Magnetic scaffolds of polycaprolactone with functionalized magnetite nanoparticles: physicochemical, mechanical, and biological properties effective for bone regeneration

Abstract

Magnetic scaffolds have gained significant attention for disease treatment and tissue repair. Here we focus on magnetic nanocomposite scaffolds made of poly(caprolactone) (PCL) and magnetite nanoparticles (MNPs) for bone repair.
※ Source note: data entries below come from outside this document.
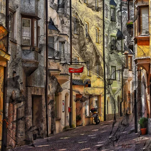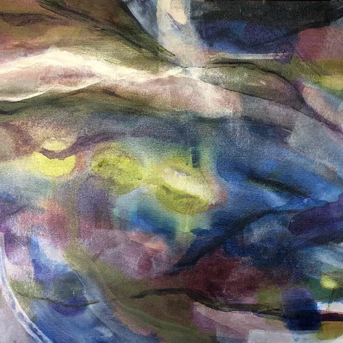I start an artwork with a flood of water and pigment across a horizontal unprimed canvas. Then come shapes and lines with paint and ink, layer upon layer. Often the imagery takes a mixed media detour into the digital domain. Those ventures yield embellished prints, collages, and illuminated transparent multilayered glowing images.
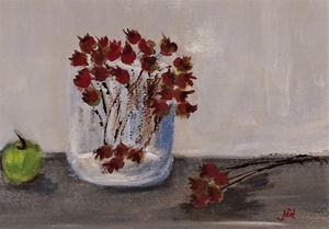 2018Glazen vaasjes met bessentakjes
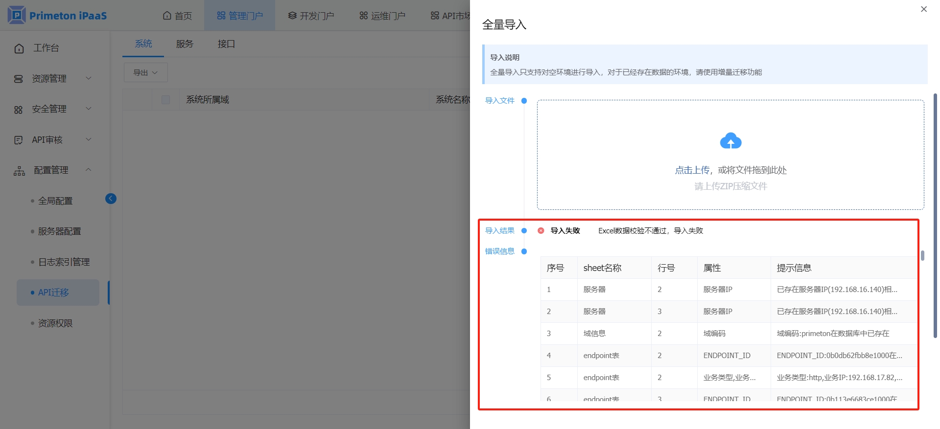如果生产环境已有数据,重复导入全量数据,或者数据不完整时,会导入失败,并返回错误信息。
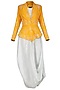Featuring a mustard jacket in murshidabad silk base with dadka pati embroidery. It is paired with a matching blush blue draped kurta and churidar pants in cotton lycra base.
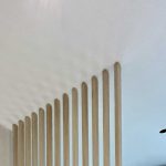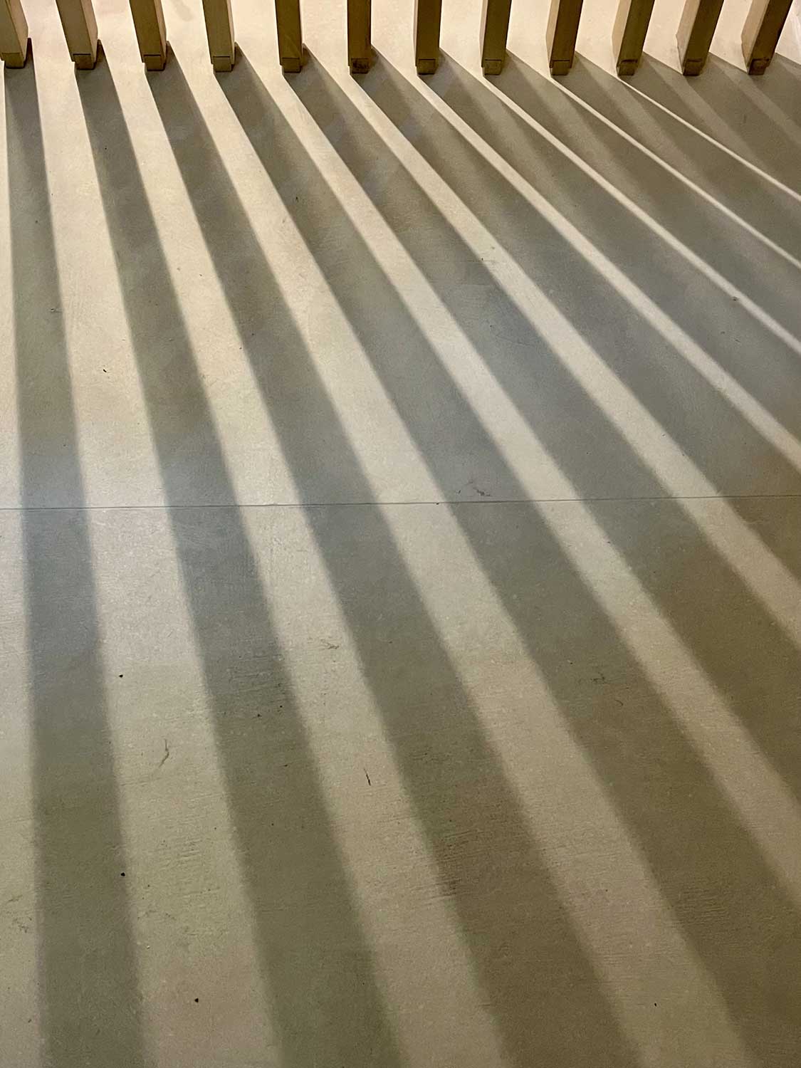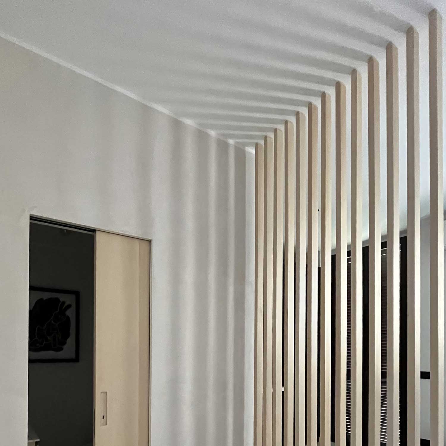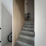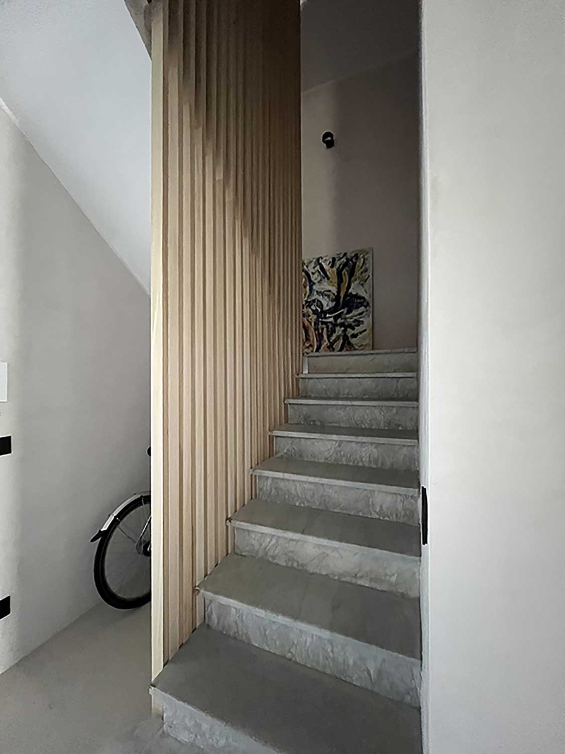– En la escalera, sin embargo, la actual barandilla metálica se sustituye por un sistema de listones aún de madera, que también velan parcialmente la zona de lavandería adyacente.
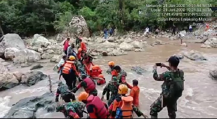 Adapun unsur yang terlibat saat proses pencarian dan evakuasi korban yakni BASARNAS, SAR UNM, SAR UNHAS, SAR Sawerigading, SAR Pramuka, BPBD Enrekang, TAGANA 5, TNI, POLRI, POL PP, ORARI, Masyarakat setempat.(ippang/riel)
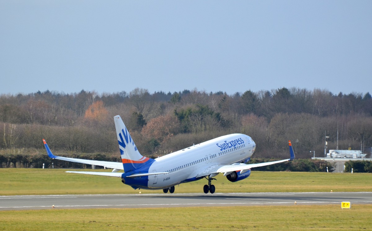 Die SunExpress Germany Boeing 737-800 D-ASXA beim Start in Hamburg Fuhlsbüttel am 10.03.15
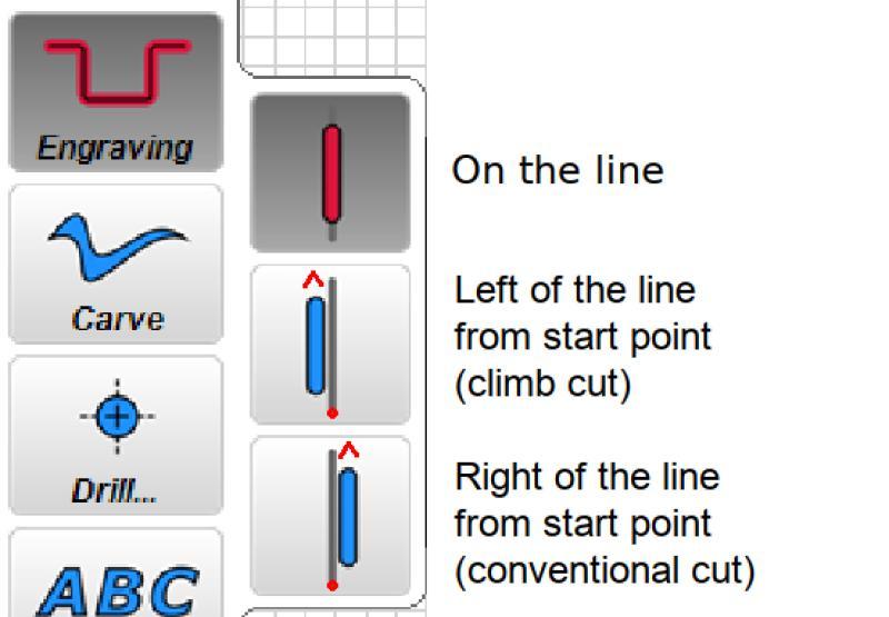 One of the key functional differences between Estlcam and Easel is that Easel can only cut inside/outside of a closed line/path (e.g. a circle). Any shape with ends that don't meet (e.g. a line) can only be "Cut on shape path". I'm guessing that the closed line restriction/awareness is why Easel will never cut into an adjacent line (on the same closed path). Any irregular pocket cutting (e.g. text) with a straight bit is affected. If the space between two lines is smaller than the bit, Easel won't cut it. While Estlcam will cut into the adjacent line if the space between two lines (e.g. text) is smaller than the bit, it can cut to the right or left of open paths, e.g. lines.
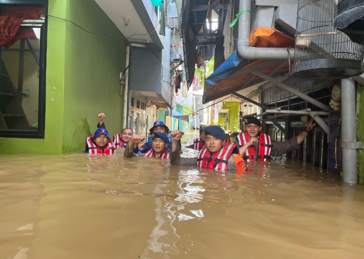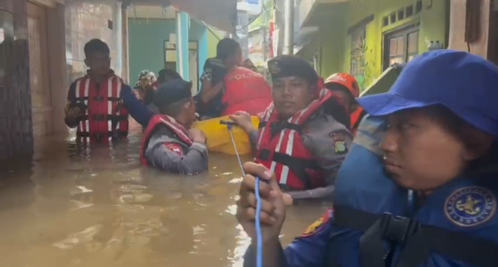 Polda Metro Jaya Bantu Evakuasi Warga Terdampak Banjir di Jatinegara
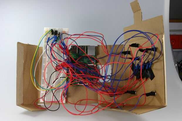 Die bisher zusammengebauten Komponenten bilden die Steuerzentrale unseres Familienportraits - Bildschirm und Kamera werden später angeschlossen. Ahora cuanto das Gehäuse für das frambuesa Pi. Ésta kannst du im Rahmen este tutoriales aus einer alten Pappschachtel bauen. Cae du die verwendest von HD-Webcam Microsoft, kannst du die Verpackung zum Bau eines Gehäuses disfruta - perfekt für einen ersten Prototypen!
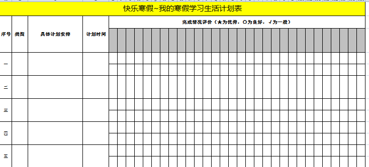 特别提醒:寒假计划表要劳逸结合,不能光玩不学,也不能光学不完,并每天抽时间给孩子评价完成情况。
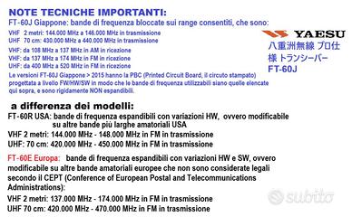 Trasmissione: VHF 144–146 MHz FM, UHF 430–440 MHz FM, non espandibile alle bande non amatoriali. Accessori inclusi: antenna flessibile UHF da 17 cm, clip da cintura, alimentatore con spina italiana 220 V (L) più un alimentatore aggiuntivo giapponese (A), entrambi 12 V – 2 A, batteria Ni‑MH nuova da 1400 mAh (modello FNB‑83) 7,2 V, manuale cartaceo in lingua giapponese, confezione originale.
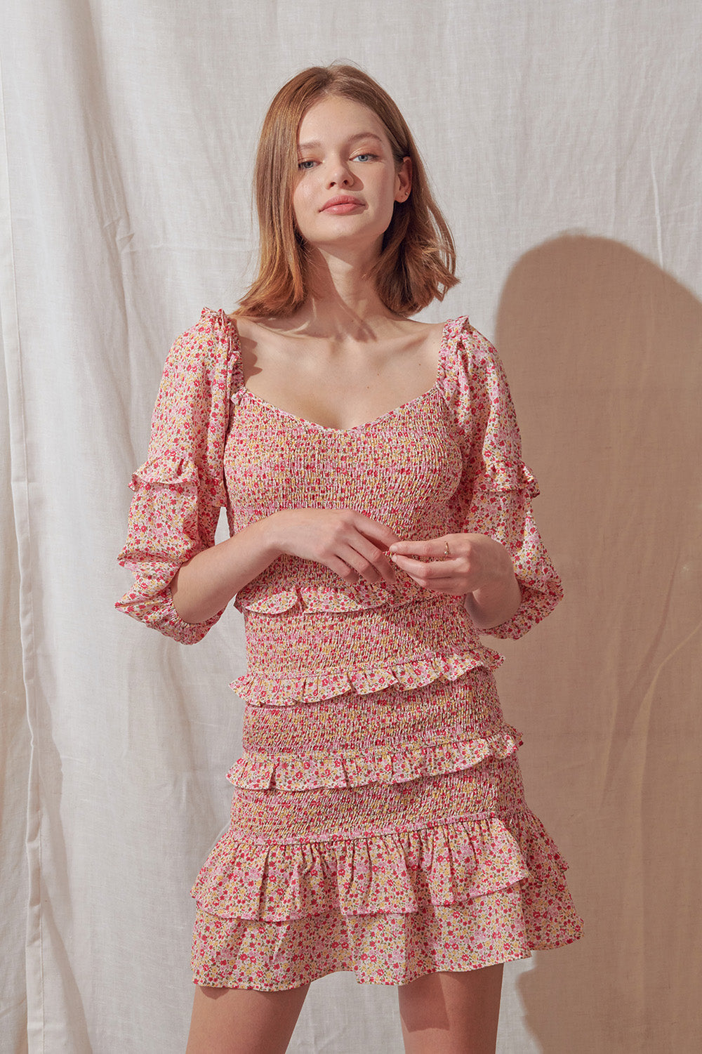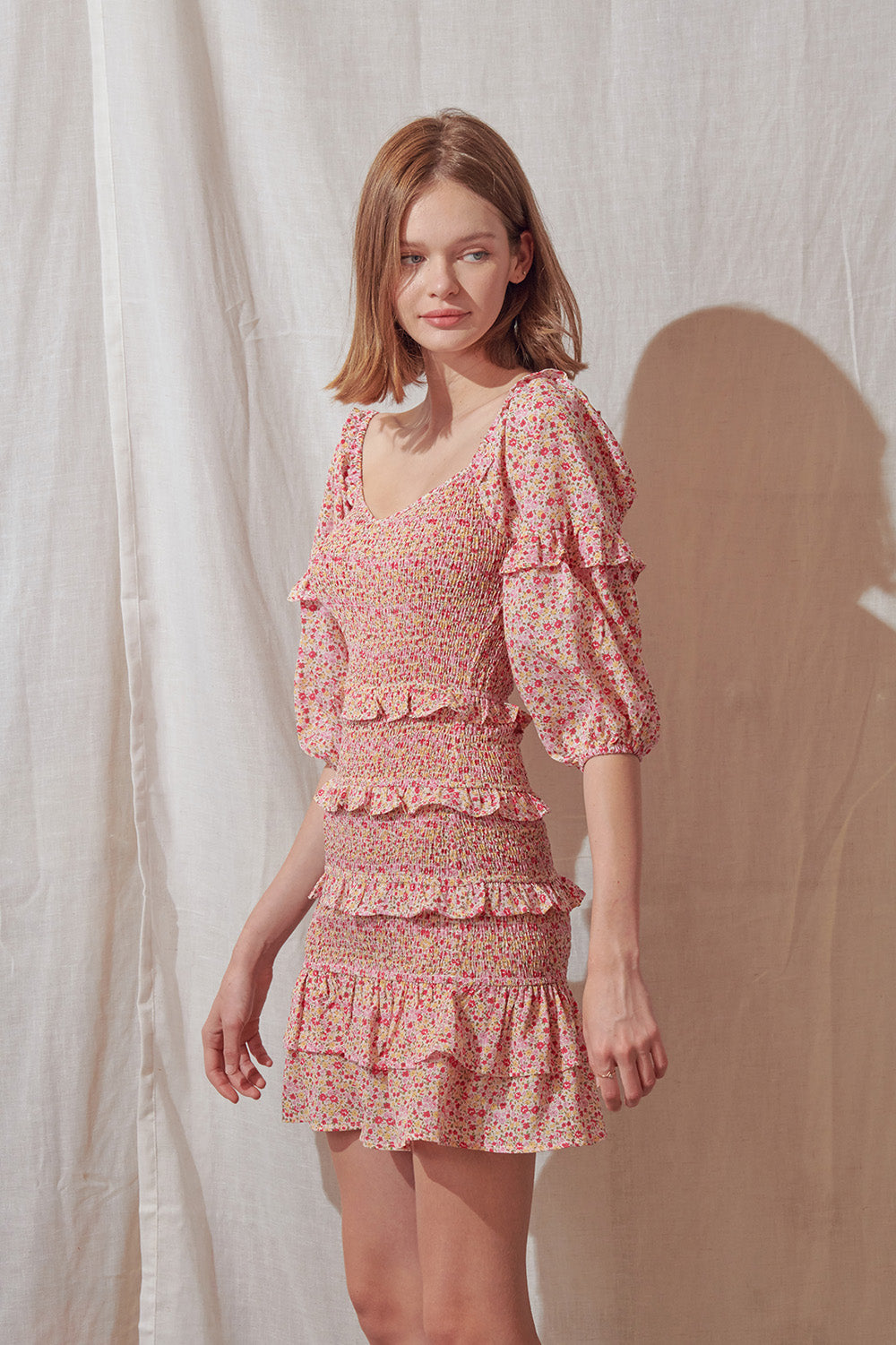 This Pink Floral Mini Dress is sure to make a statement. Boasting a square neckline and 3/4 bubble sleeves, this smocked dress is complete with a ruffled trim along the edges for added texture.
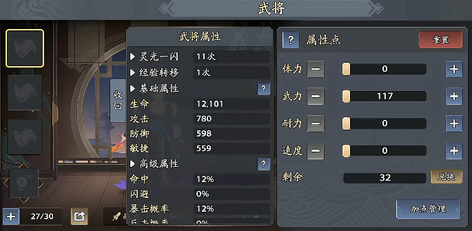 属性加点需结合武将职能精准分配。体力加点同步提升生命上限、防御力与敏捷值,适用于生存向角色;武力加点则侧重攻击强度与生命成长,是主力输出武将的首选方案;耐力加点兼顾防御与生命,适合副坦或半肉战士;速度加点虽常被忽视,但实际能联动提升敏捷、攻击与生命三项基础属性,对先手控制、连击频率及生存容错均有显著影响,尤其在竞技场与跨服战场中价值突出。
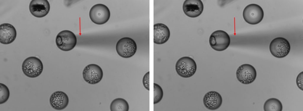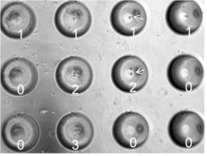 In this type of application cells are seeded at low concentration into large arrays with smaller MB features. Cell seeding follows a Poisson distribution so the concentration can be adjusted to maximize the number of MBs that contain single cells. The image shows the

The physico-chemical, mechanical, and magnetic properties of the scaffolds, the in vitro cell responses, and the in vivo tissue compatibility were examined in-depth to investigate their effectiveness for use as bone scaffolds. The MNPs, produced by a surfactant-mediation process, were well-distributed within the PCL matrix to enable homogeneous nanocomposites. The PCL–MNP scaffolds showed excellent magnetic properties, preserving the superparamagnetic behavior. Incorporation of MNPs greatly improved the hydrophilicity and water swelling of scaffolds. Acellular apatite forming ability tests revealed a higher mineral induction on the magnetic scaffolds than on the PCL scaffold. The mechanical stiffness increased significantly with the addition of MNPs, when tested under both static and dynamic compressed wet conditions. The initial cell adhesion to the magnetic scaffolds was substantially improved by ∼1.4-fold with respect to the pure PCL scaffold, enabling earlier cellular proliferation confluence. The cell mineralization, as assessed by the quantification of calcium deposits, was significantly enhanced on the magnetic scaffolds. The magnetic scaffolds, subcutaneously implanted in rats for 2 weeks, revealed favorable tissue compatibility, with substantial fibroblastic cell invasion and neoblood vessel formation while exerting minimal inflammatory reactions. The results, demonstrating excellent physico-chemical, magnetic, mechanical and biological properties of the PCL–MNP scaffolds, support the potential use of the magnetic scaffolds for bone repair and regeneration.